The use of Scots in this passage adds, as we have seen in many other examples in this unit, an element of authenticity and realism through by naming key elements of the custom using Scots terms. There is a clear distinction made between the Scots and the English in most cases, where the Scots words are even visibly separated from the English. The tone of speech idiom is consistently conversational but the way in which Scots is introduced – often in quotation marks – indicates its particular and different provenance. Alexander’s prose uses Scots confidently and with a sense of local authority yet it still maintains an apparently formal ‘objectivity’ in its deployment of English and the relation this sets up between English and Scots.

Compare this with MacDiarmid’s revitalisation of Scots in the 1920s partly for his own individual creative priorities, partly to counter the increasingly familiar use of Scots in popular media, music hall and film, especially widespread in the establishment propaganda.

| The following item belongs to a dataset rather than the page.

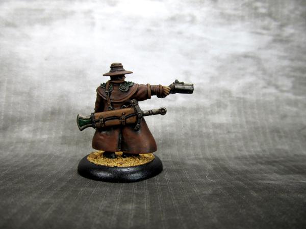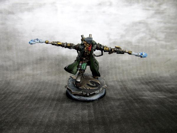 So here's the first model going up in this thread, the Nightmare helljack from Cryx. My girlfriend bought it for my for my birthday back in October, but with the Journeyman League happening at the same time (where I was doing Mercs) I didn't have the time to work on it till now. It, as well as Terminus in the Cryx log, got a resin base the Dark Age line Cool Mini or Not makes. I did replace the resin rebar with brass pins, I didn't see the resin ones lasting very long. Also added the pipes with simple plasticard.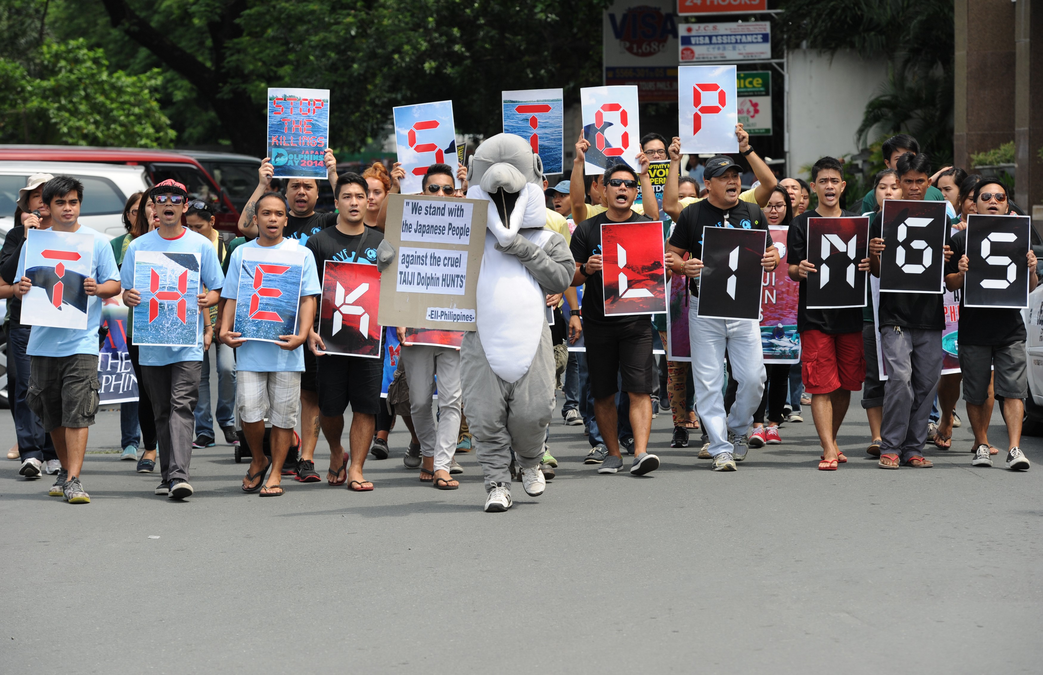 An animal activist wears a dolphin suit during a rally in front of the Japanese embassy in Manila on Sept. 1, 2015, to protest against the annual dolphin hunt. The annual controversial dolphin hunt has kicked-off in the town of Taiji, Japan. In the annual catch, people from the southwestern town corral hundreds of dolphins into a secluded bay and butcher them, a scene thrust into the global spotlight in “The Cove”. (Ted Aljibe/AFP/Getty Images)

MacDiarmid, in his short story or prose sketch ‘The Waterside’, uses Scots throughout and slips quickly and with great fluency between thoughtful, more meditative reflections, and representations of fast, dramatic action. These are sometimes serious – the threat to the children on the broken bridge is real – but also, at the same time, sometimes wildly comic. The moment where a mother rescues one child then finding it is not hers, throws it back into the water, is both ferociously comic and terribly chilling, partly because it seems to represent natural and understandable human behaviour, even if that behaviour is in some respects reprehensible.

The use of Scots in his prose and discussed in his essays ‘A Theory of Scots Letters’ and ‘English Ascendancy in British Literature’ shows a development and resistance to what MacDiarmid calls ‘English Ascendancy’: in other words, the way in which, over time, English has come to seem the normative language in Britain, while other languages are neglected or suppressed. Seamus Heaney, when discussing MacDiarmid’s literary use of Scots, established:

“…a demonstrable link between MacDiarmid’s act of cultural resistance in the 1920s and the literary self-possession of writers such as Alasdair Gray, Tom Leonard, Liz Lochhead and James Kelman in the 1980s and 1990s. [For Heaney, MacDiarmid’s poetry] prepared the ground for a Scottish literature that would be self-critical and experimental in relation to its own inherited forms and idioms, but one that would also be stimulated by developments elsewhere in world literature”.

(1995)

And we conclude with a statement by Margery Palmer McCulloch, who verifies that Heaney’s comment, quoted above, represents “a meaningful endorsement of the way in which the inter-war Scottish Renaissance attempt to change the direction of Scottish literary (and ultimately political) culture, with its strong emphasis on national identity as well as international relationships and influences, [which] has been able to modify itself over the decades to bring about the confident, diverse yet recognisably Scottish contribution to international writing we have today” (2012, p. 73).